INPUT DATA:
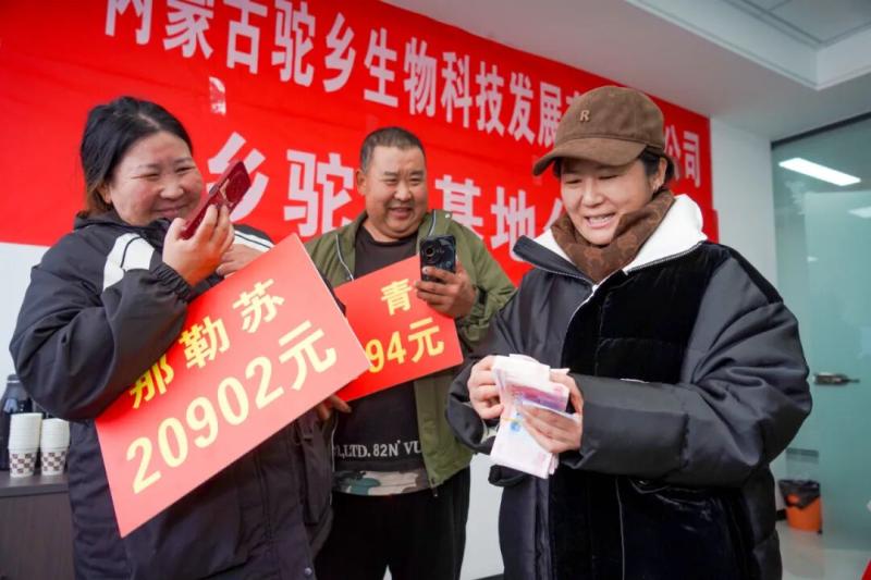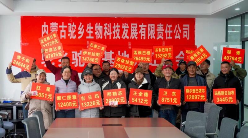 12月19日,额济纳旗温图高勒苏木格日勒图嘎查举办驼乡驼奶基地分红大会,内蒙古驼乡生物科技发展有限责任公司为20户牧民发放37万余元的“产业红利”。
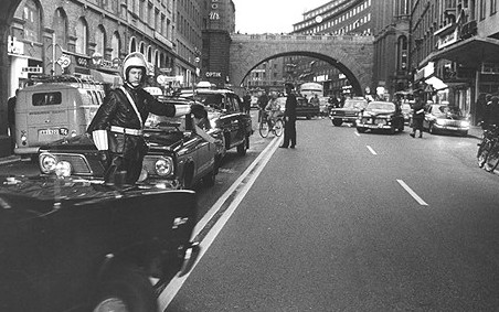 Poliția dirijează schimbarea traficului pe partea dreaptă pe strada Kungsgatan, Stockholm, 3 septembrie 1967, foto: Wikipedia
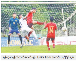 Local Sports အားကစားသတင်းများ တရုတ်-အာဆီယံ ပိုက်ကျော်ခြင်းပြိုင်ပွဲတွင် မြန်မာပိုက်ကျော်ခြင်းအသင်း ရွှေတံဆိပ်နှစ်ခု၊ ကြေးတံဆိပ်နှစ်ခု ဆွတ်ခူးရရှိ အားကစား 05/06/25 ရှမ်းပြည်နယ်ဝန်ကြီးချုပ် ဦးအောင်အောင် ၂၀၂၅ ခုနှစ် တိုင်းဒေသကြီးနှင့် ပြည်နယ် အမျိုးသား၊ အမျိုးသမီးဘော်လီဘော ပြိုင်ပွဲ ဒုတိယနေ့ပြိုင်ပွဲများ တက်ရောက်ကြည့်ရှုအားပေး အားကစား 05/06/25 MNL ယူ-၂၁ လိဂ်ပြိုင်ပွဲတွင် ရန်ကုန်ယူနိုက်တက်အသင်း နိုင်ပွဲပြန်ရပြီး ရတနာပုံနှင့် ဟံသာဝတီ သရေကျ အားကစား 02/06/25 အိုလံပစ်နေ့အထိမ်းအမှတ် မြန်မာနိုင်ငံ ရိုးရာလက်ဝှေ့အဖွဲ့ချုပ်ဖလား Gym ပေါင်းစုံ ရိုးရာလက်ဝှေ့ပြိုင်ပွဲ ကျင်းပ အားကစား 02/06/25 အိုလံပစ်နေ့အထိမ်းအမှတ် မြန်မာနိုင်ငံ ရိုးရာလက်ဝှေ့အဖွဲ့ချုပ်ဖလား Gym ပေါင်းစုံ ရိုးရာလက်ဝှေ့ပြိုင်ပွဲကျင်းပ အားကစား 02/06/25 ယူ-၁၆ ဖူဆယ်လိဂ်ပြိုင်ပွဲ ပထမအကျော့ပြီးဆုံးခဲ့ပြီး Kyaung Sayar Tharhtwe အသင်း ၁၁ ပွဲစလုံးအနိုင်ရပြီး ဦးဆောင် အားကစား 02/06/25 နိုင်ငံတကာကရာတေးအဖွဲ့ချုပ်မှ ကြီးမှူးသည့် IKO Kids and Youths Tournament ၂၀၂၅ ကရာတေးပြိုင်ပွဲ ကျင်းပ အားကစား 26/05/25 ရန်ကုန်တိုင်းဒေသကြီး အမျိုးသမီးရေးရာအဖွဲ့က ကြီးမှူး၍ နွေရာသီ အေရိုးဗစ်သင်တန်း ဖွင့်လှစ်လျက်ရှိ အားကစား 10/03/25 ဒုတိယဝန်ကြီး ဦးထိန်လင်း ရန်ကုန်မြို့ရှိ အားကစားကွင်း/ အားကစားရုံများ ကြည့်ရှုစစ်ဆေး အားကစား 09/03/25 လာမည့်ရက်ပိုင်းအတွင်း ကျင်းပမည့် ONE MMA ပြိုင်ပွဲများတွင် မြန်မာဖိုက်တာသုံးဦး၏ တွဲဆိုင်းများပါဝင်မည် အားကစား 04/03/25 Pagination First page « First Previous page ‹ Previous … စာမျက်နှာ 39 စာမျက်နှာ 40 လက်ရှိစာမျက်နှာ 41 စာမျက်နှာ 42 စာမျက်နှာ 43 … Next page Next › Last page Last » အဖတ်များဆုံး သတင်း သံသရာဝဋ်ဆင်းရဲမှလွတ်ကင်းအောင် မှန်ကန်သောအကျင့်မြတ်ကျင့်သုံး…(ကြေးမုံ) အယ်ဒီတာ့ အာဘော် 2/Jan/2026 ကင်မရွန်းက မိုဇမ်ဘစ်ကို အနိုင်ယူပြီး အာဖရိကနိုင်ငံများဖလားပြိုင်ပွဲ ၁၆ သင်းအဆင့်တက်လှမ်း အားကစား 2/Jan/2026 ဒလမြို့နယ်၌ မျိုးစေ့ချကိရိယာဖြင့် နွေစပါး လက်တွေ့စိုက်ပျိုး စီးပွားရေး 2/Jan/2026 ကလောမြို့ မောမြေဦးပန်းခြံ၌ ပထမအကြိမ် ပန်းပွဲတော်ကျင်းပ ယဉ်ကျေးမှုနှင့် ခရီးသွား 2/Jan/2026 အများပြည်သူသို့ အသိပေးကြေညာချက် ပြည်တွင်း 2/Jan/2026

WHAT YOU HAVE TO DO: Word for word, restate the lines from the first line of the material through the line containing "Poliția dirijează schimbarea", with the pictures left out.

ANSWER:
 12月19日,额济纳旗温图高勒苏木格日勒图嘎查举办驼乡驼奶基地分红大会,内蒙古驼乡生物科技发展有限责任公司为20户牧民发放37万余元的“产业红利”。
 Poliția dirijează schimbarea traficului pe partea dreaptă pe strada Kungsgatan, Stockholm, 3 septembrie 1967, foto: Wikipedia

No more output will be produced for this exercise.